» **Data extract**:

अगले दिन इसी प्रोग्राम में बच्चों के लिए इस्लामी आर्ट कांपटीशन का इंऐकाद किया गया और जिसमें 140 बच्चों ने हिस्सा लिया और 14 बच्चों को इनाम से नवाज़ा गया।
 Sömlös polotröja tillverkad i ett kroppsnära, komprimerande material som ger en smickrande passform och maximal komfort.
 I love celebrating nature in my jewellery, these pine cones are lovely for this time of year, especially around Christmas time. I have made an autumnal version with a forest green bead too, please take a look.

---

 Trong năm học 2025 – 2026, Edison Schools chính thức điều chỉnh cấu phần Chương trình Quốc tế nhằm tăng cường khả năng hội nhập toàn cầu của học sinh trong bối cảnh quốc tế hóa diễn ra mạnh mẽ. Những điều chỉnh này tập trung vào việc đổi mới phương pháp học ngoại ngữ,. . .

...

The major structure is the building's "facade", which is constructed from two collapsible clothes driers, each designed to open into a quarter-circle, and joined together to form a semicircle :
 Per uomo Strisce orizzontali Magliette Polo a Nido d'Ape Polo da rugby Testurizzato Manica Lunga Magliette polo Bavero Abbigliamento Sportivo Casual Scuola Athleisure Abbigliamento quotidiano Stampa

» **Required action**: Print the lines above from the one with "अगले दिन इसी" through the one with "Sömlös polotröja tillverkad", both included, exactly as written and nothing more.

» **Task output**:
अगले दिन इसी प्रोग्राम में बच्चों के लिए इस्लामी आर्ट कांपटीशन का इंऐकाद किया गया और जिसमें 140 बच्चों ने हिस्सा लिया और 14 बच्चों को इनाम से नवाज़ा गया।
 Sömlös polotröja tillverkad i ett kroppsnära, komprimerande material som ger en smickrande passform och maximal komfort.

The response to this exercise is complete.